Engineering Hydrogel Microenvironments to Recapitulate the Stem Cell Niche.

机构信息

Department of Bioengineering, Stanford University, Stanford, California 94305, USA.

Department of Materials Science and Engineering, Stanford University, Stanford, California 94305, USA; email:

出版信息

Annu Rev Biomed Eng. 2018 Jun 4;20:21-47. doi: 10.1146/annurev-bioeng-062117-120954. Epub 2017 Dec 8.

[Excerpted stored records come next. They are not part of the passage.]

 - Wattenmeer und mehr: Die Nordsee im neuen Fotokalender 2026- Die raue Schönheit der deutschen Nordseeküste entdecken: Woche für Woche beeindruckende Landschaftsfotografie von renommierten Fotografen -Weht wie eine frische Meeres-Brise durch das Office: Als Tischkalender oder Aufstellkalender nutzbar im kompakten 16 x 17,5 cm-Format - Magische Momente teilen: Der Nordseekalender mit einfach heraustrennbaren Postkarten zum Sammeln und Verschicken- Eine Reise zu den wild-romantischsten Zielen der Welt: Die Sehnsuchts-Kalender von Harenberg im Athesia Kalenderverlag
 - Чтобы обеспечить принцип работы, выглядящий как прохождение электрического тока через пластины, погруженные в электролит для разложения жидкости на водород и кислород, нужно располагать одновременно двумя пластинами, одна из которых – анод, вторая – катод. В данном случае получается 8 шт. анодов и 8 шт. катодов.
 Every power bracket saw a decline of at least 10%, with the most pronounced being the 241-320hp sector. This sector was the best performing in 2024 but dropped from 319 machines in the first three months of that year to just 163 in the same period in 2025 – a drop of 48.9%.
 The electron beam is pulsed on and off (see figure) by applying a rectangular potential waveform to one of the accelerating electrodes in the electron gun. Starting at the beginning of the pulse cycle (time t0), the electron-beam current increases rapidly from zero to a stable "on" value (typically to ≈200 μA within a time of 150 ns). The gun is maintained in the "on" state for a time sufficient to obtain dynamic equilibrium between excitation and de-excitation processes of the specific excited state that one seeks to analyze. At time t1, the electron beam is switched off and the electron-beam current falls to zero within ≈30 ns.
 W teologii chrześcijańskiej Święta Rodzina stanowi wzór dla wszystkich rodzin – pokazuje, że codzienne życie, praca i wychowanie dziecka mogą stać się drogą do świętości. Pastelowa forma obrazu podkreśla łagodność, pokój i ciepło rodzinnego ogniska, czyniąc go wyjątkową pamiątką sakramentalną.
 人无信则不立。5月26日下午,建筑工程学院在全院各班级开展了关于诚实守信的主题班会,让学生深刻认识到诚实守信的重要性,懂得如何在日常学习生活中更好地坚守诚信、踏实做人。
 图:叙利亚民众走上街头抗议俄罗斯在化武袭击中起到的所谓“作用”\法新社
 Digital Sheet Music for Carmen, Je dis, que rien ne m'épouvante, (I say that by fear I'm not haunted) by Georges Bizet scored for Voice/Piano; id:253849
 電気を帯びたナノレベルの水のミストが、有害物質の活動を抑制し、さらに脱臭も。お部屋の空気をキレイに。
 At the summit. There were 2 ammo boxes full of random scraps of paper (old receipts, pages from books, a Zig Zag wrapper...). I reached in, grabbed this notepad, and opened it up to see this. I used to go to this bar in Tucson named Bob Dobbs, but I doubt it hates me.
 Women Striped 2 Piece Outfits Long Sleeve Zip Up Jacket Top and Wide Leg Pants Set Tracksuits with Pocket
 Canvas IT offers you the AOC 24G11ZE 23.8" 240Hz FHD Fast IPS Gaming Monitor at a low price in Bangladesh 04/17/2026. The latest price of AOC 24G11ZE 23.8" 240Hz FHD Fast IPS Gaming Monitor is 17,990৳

DOI:10.1146/annurev-bioeng-062117-120954
PMID:29220201
原文链接:https://pmc.ncbi.nlm.nih.gov/articles/PMC7266431/
Abstract

Stem cells are a powerful resource for many applications including regenerative medicine, patient-specific disease modeling, and toxicology screening. However, eliciting the desired behavior from stem cells, such as expansion in a naïve state or differentiation into a particular mature lineage, remains challenging. Drawing inspiration from the native stem cell niche, hydrogel platforms have been developed to regulate stem cell fate by controlling microenvironmental parameters including matrix mechanics, degradability, cell-adhesive ligand presentation, local microstructure, and cell-cell interactions. We survey techniques for modulating hydrogel properties and review the effects of microenvironmental parameters on maintaining stemness and controlling differentiation for a variety of stem cell types. Looking forward, we envision future hydrogel designs spanning a spectrum of complexity, ranging from simple, fully defined materials for industrial expansion of stem cells to complex, biomimetic systems for organotypic cell culture models.

摘要

干细胞是许多应用的强大资源,包括再生医学、患者特异性疾病建模和毒理学筛选。然而,从干细胞中获得所需的行为,如在原始状态下扩增或分化为特定的成熟谱系,仍然具有挑战性。受天然干细胞微环境的启发,已经开发出水凝胶平台来通过控制微环境参数(包括基质力学、降解性、细胞黏附配体呈现、局部微观结构和细胞-细胞相互作用)来调节干细胞命运。我们调查了调节水凝胶特性的技术,并回顾了微环境参数对维持各种干细胞类型的干性和控制分化的影响。展望未来,我们设想未来的水凝胶设计涵盖一系列的复杂性,从用于干细胞工业扩增的简单、完全定义的材料到用于器官型细胞培养模型的复杂、仿生系统。